At breakfast, we catch the tail end of a news story about a group of children that had been recently rescued. They had been captured and trained for combat by Peru’s Marxist guerilla group, The Shining Path. There are photos of small boys holding machine guns out in a field, and then live footage of President Humala and his wife greeting boys coming off an airplane. Humala’s wife carries a small boy whose look seems entirely lost.
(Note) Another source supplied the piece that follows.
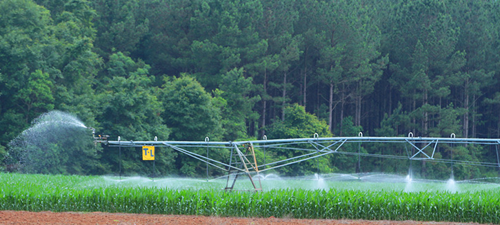 Pictured above: Farmers are in for some much needed rain during the rest of this week. Shown is an irrigation system running Monday afternoon in a Walnut Hill corn field. NorthEscambia.com photo.

By that evening I’m back in Puerto Maldonado.

 

A few weeks later I’m in Lima, getting ready to fly back to the US. In a Chinese restaurant, I come across a new Peruvian TV show, one I haven’t seen before: a drag queen talk-show host interviewing a woman dressed like a little girl. The girl was a character from a Mexican sitcom called El Chavo del Ocho. She wears big glasses and has freckles painted across her nose, her hair pulled into pigtails. Her name in the show is La Chilindrina—named for a “freckled” Mexican pastry. The drag queen wears gold lamé and is dressed like a fortune-teller: a circus-themed show to celebrate the circus that is in Lima this week. I’ve made a Limeño friend with impeccable English, urban clothes, and a worldly sense of taste. He apologizes for Peruvian television. “It’s the worst,” he says. And I hear myself saying, “Oh, it’s not so bad. I kind of like it actually.”
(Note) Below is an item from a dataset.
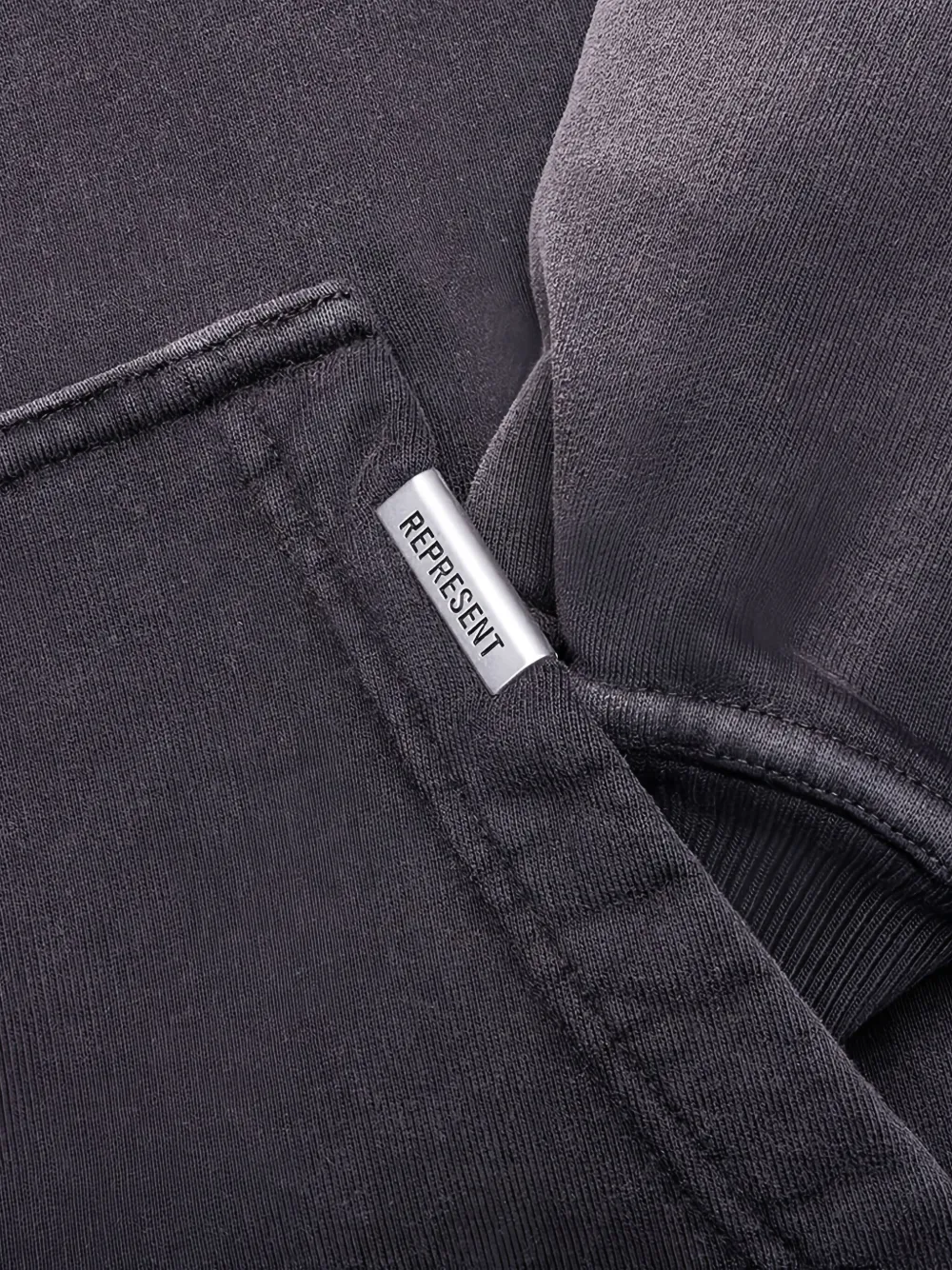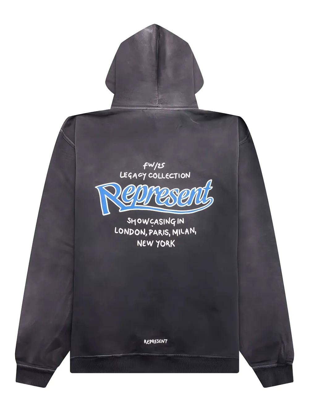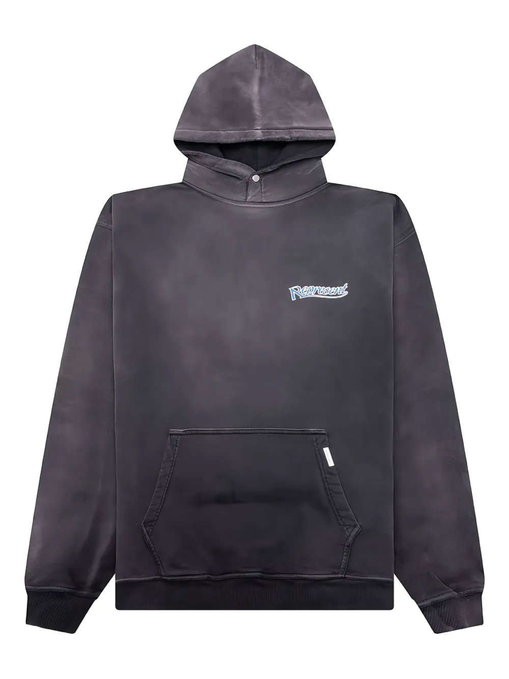 Черный худи с логотипом, передним карманом-кенгуру, капюшоном, длинными рукавами и ребристым краем

Later, walking around Lima, I come across a miniscule graffiti stamp on an old colonial building. I have to practically lean in to read it. “Conga no va!” it says in tiny, stenciled letters. Such a little voice calling out into a loud, grumbling city, which seems as though it could hardly care.
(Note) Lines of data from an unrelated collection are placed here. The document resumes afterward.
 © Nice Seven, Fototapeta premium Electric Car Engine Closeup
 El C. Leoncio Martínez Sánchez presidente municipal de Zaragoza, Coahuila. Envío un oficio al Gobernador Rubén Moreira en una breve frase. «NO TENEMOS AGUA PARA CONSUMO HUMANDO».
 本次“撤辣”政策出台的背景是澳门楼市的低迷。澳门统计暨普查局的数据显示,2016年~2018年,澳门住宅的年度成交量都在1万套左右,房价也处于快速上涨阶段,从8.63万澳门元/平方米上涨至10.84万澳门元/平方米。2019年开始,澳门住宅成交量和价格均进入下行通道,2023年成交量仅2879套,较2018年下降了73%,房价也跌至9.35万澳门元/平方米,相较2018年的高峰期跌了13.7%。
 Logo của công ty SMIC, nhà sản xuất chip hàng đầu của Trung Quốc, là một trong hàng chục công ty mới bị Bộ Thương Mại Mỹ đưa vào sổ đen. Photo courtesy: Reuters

It will bring me back to the jungle, where I first saw footage of protestors shouting those words. I think of how after an hour of electricity from the generator, the noise would just shut off, as though it weren’t there anymore. How the staff would go back to work. How we’d go back out to count birds or identify trees, how guides would lead their tourists, hoping that spider monkeys might be active, swinging sillily from branch to branch to branch. How normally when I think of shutting off a television, I think of turning off the fantasy that the media creates, whether it’s some corny game show, or hyperbolic headlines. But how up in that sweet, green jungle it sometimes felt the other way around—that we were stuck in some sort of hyperbolic Eden and the television held what was really happening, whether the small wars that blazed across the country, or the shallow, useless dramas. Even the screeching, pie-smooshing ridiculousness of Esto es Guerra—it seemed necessary somehow, an antidote to the turmoil.

I wonder how Carmen is faring as the only female now, and if “Bon Jovi” made it to the next round on Yo Soy Peru. And during my last few days in Peru, every time a TV turns off, I almost expect to hear the nearly imperceptible roar of howler monkeys in the distance, for a passing rain shower to darken the sky.